Dataset extract:
[Start of Attachment]

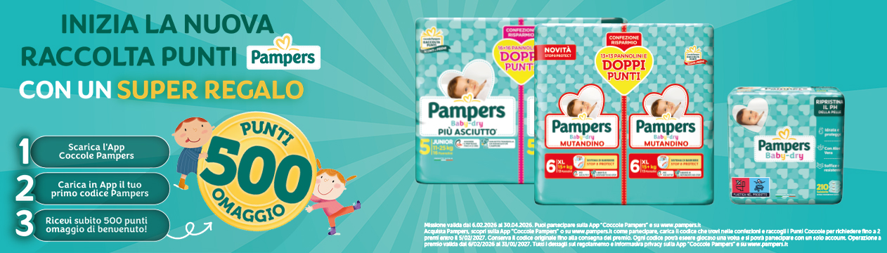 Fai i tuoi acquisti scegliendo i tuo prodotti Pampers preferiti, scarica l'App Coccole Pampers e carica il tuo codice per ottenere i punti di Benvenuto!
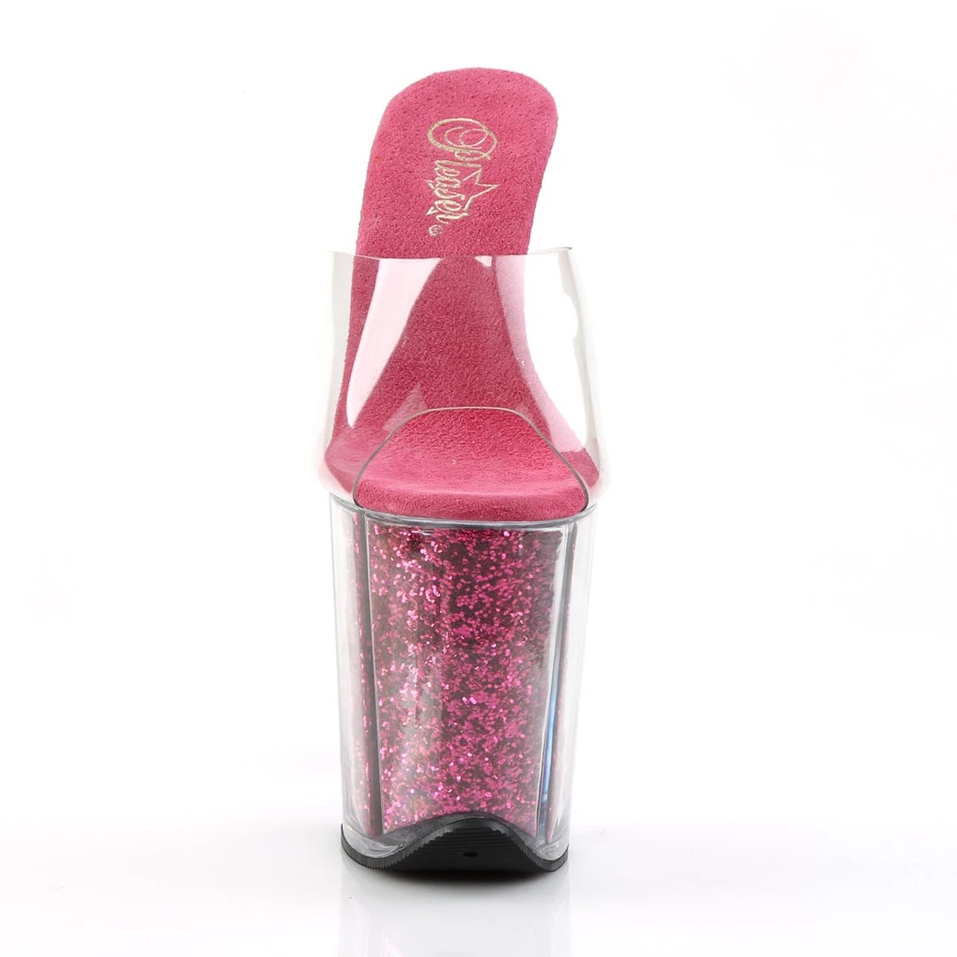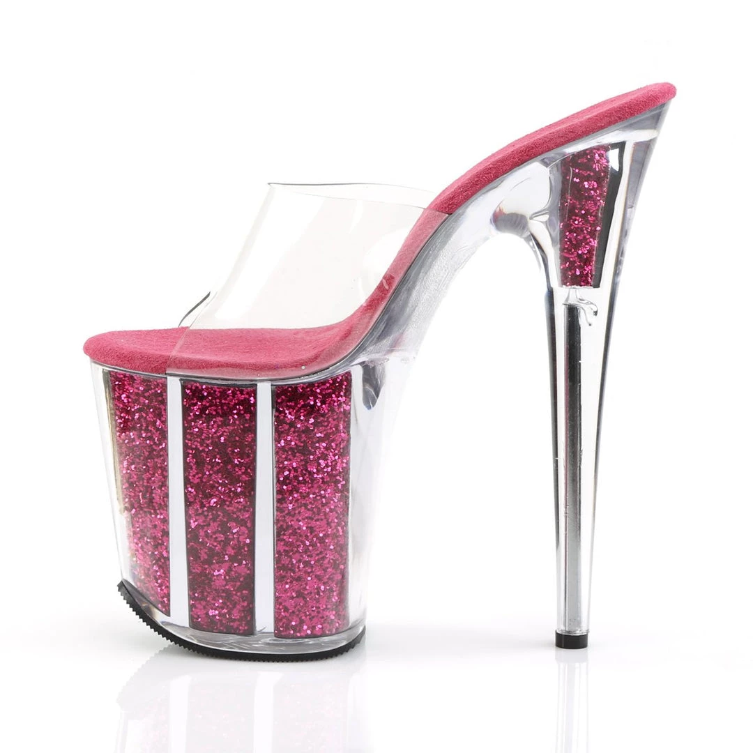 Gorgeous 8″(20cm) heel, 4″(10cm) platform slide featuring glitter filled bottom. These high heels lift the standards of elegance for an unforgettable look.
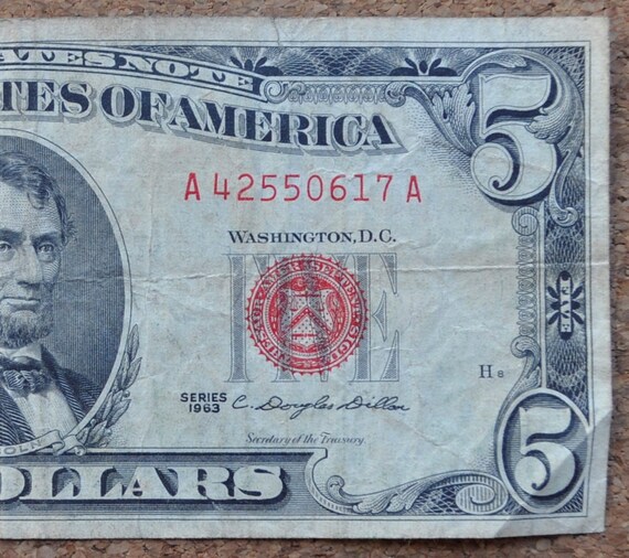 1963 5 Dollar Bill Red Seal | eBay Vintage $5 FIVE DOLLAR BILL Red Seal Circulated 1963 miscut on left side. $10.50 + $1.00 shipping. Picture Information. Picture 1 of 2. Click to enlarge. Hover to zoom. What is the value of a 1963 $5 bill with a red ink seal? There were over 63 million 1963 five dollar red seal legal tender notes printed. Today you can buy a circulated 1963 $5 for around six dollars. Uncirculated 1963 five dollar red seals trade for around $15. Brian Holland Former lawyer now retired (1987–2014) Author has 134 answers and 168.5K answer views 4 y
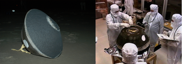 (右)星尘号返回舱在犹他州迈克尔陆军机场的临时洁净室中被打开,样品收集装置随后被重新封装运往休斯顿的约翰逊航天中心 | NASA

[End of Attachment]

Action item: Transcribe the listing in full and omit the pictures.

Solution for this problem:
 Fai i tuoi acquisti scegliendo i tuo prodotti Pampers preferiti, scarica l'App Coccole Pampers e carica il tuo codice per ottenere i punti di Benvenuto!
 Gorgeous 8″(20cm) heel, 4″(10cm) platform slide featuring glitter filled bottom. These high heels lift the standards of elegance for an unforgettable look.
 1963 5 Dollar Bill Red Seal | eBay Vintage $5 FIVE DOLLAR BILL Red Seal Circulated 1963 miscut on left side. $10.50 + $1.00 shipping. Picture Information. Picture 1 of 2. Click to enlarge. Hover to zoom. What is the value of a 1963 $5 bill with a red ink seal? There were over 63 million 1963 five dollar red seal legal tender notes printed. Today you can buy a circulated 1963 $5 for around six dollars. Uncirculated 1963 five dollar red seals trade for around $15. Brian Holland Former lawyer now retired (1987–2014) Author has 134 answers and 168.5K answer views 4 y
 (右)星尘号返回舱在犹他州迈克尔陆军机场的临时洁净室中被打开,样品收集装置随后被重新封装运往休斯顿的约翰逊航天中心 | NASA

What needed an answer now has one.